Figure 5 displays the 3D surface of the fuzzy model of the MFC. Figure 5 demonstrates the relations between the different input parameters, i.e., the concentration of glycerol, the loading of the anode electrocatalyst, the concentration of anode electrolyte, and the concentration of cathode electrolyte, on the power output of the glycerol MFC. As depicted from Figure 5, with the increase in the anode electrolyte concentration, the cell’s power increased and then decreased when boosting the concentration. This is clear at the different glycerol concentrations, cathode electrolyte concentrations, and anode catalyst loading. The highest power was recorded at intermediate values of anode catalyst loading of 1 mg/cm², cathode electrolyte concentration of 0.5 M, and glycerol concentration of 1 M. The growth in the anode catalyst loading followed by boosting the power output, but the further growth in loading beyond 1 mg/cm² resulted in decreasing the power output. The maximum power output was clear at 1 M of glycerol, 0.5 M of cathode electrolyte, and 1.5 M of anode electrolyte. Similarly, the cathode electrolyte demonstrated the best performance at an intermediate value of 0.5 M at the intermediate values of the other controlling factors. Glycerol also exhibited the best performance at an intermediate value of 1 M using the intermediate values of the other controlling factors.

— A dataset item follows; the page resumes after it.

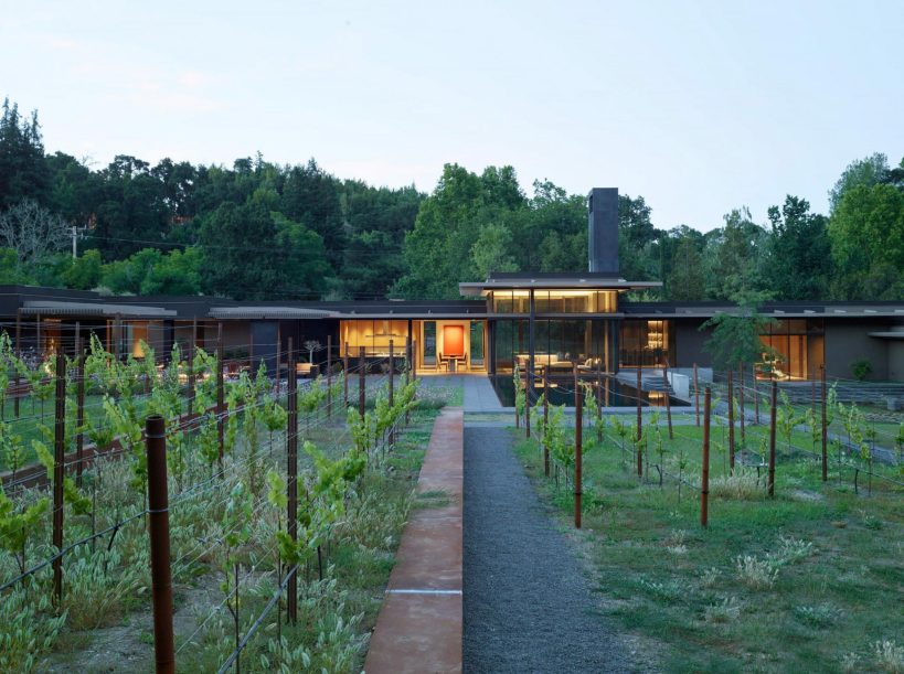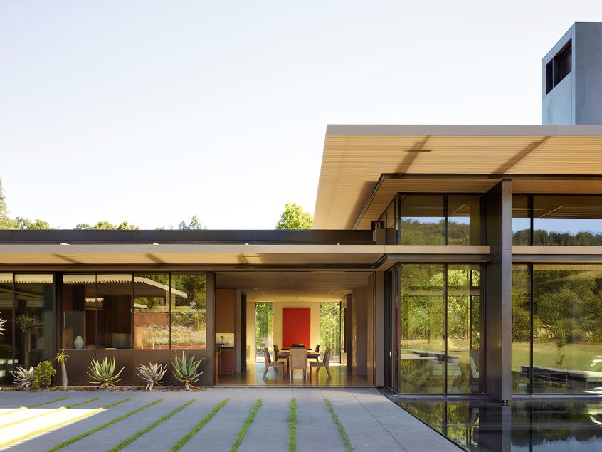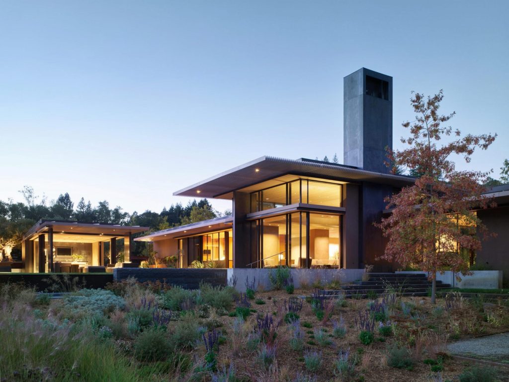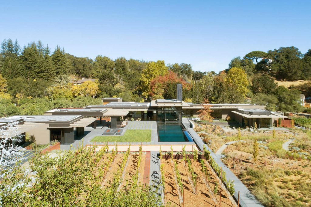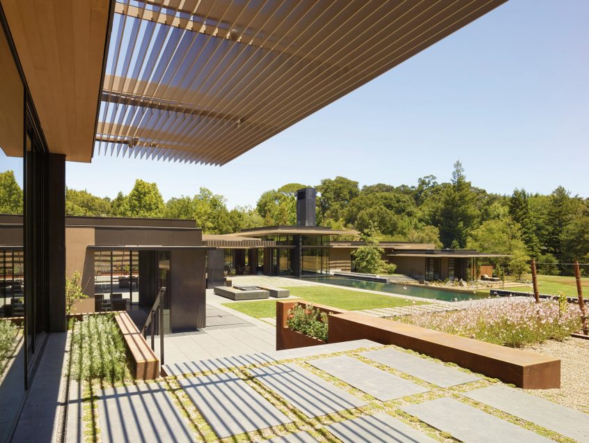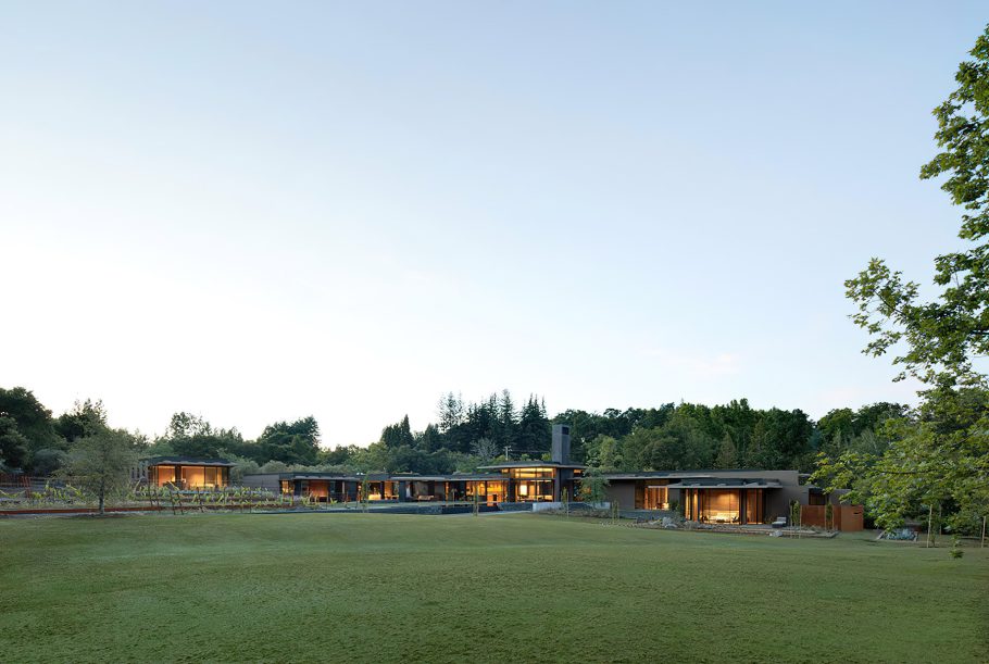 The California Meadow House, located in the Santa Cruz Mountains of California, seamlessly blends into its three-acre site in Woodside. Designed to blur the line between the home and its surroundings, the architecture unfolds as a series of low volumes extending towards the distant summits. The property is screened from the adjacent streets and bridle trails by a California native palette of woodland trees and shrubs that transition at the main gate to a contemporary Mediterranean planting palette, luring the residents and visitors into the front yard. The entry experience is a winding journey through an orchard of ancient olive trees that are lined by hedges of dwarf olives and rows of lavender.

When the anode electrolyte concentration increases, the performance increases because there are more OH⁻ groups at the anode surface, which are needed for the electrochemical oxidation of glycerol. This is shown by the following equation:

$${\mathrm{C}}_3{\mathrm{H}}_5(\mathrm{O}\mathrm{H}{)}_3+20 \mathrm{O}{\mathrm{H}}^{-}\stackrel{ }{\to }3 \mathrm{C}{\mathrm{O}}_3^{2-}+14 {\mathrm{H}}_2\mathrm{O}+14 {\mathrm{e}}^{-}$$

(9)

Therefore, the initial increase in the anode electrolyte concentration increased the performance; however, after 1.5 M KOH concentration, the performance decreased, which could be related to the unbalance between the available molecules of the OH⁻ and glycerol molecules on the catalyst surface [21,31]. Regarding the increase and reduction in the performance with boosting the cathode electrolyte concentration, the initial improvement in the performance would be related to the improved ionic conductivity of the cathode side; however, the increase in the concentration of the KOH would result in increasing the viscosity of the electrolyte [32], which in turn will hinder the mass transfer of the oxygen in the electrolyte. The power increases when increasing the glycerol (fuel) concentration to 1 M as the available glycerol molecules at the anode catalyst surface increase; thus, more power is obtained. However, at higher glycerol concentrations, catalyst poisoning can occur, and thus, the performance decreases [33]. Also, the increase in the anode catalyst loading improved the performance as more active sites become available for performing the electrochemical oxidation of glycerol; however, at higher catalyst loading a thick catalyst layer will be formed, and limited access to the active sites can occur; therefore, performance decreases.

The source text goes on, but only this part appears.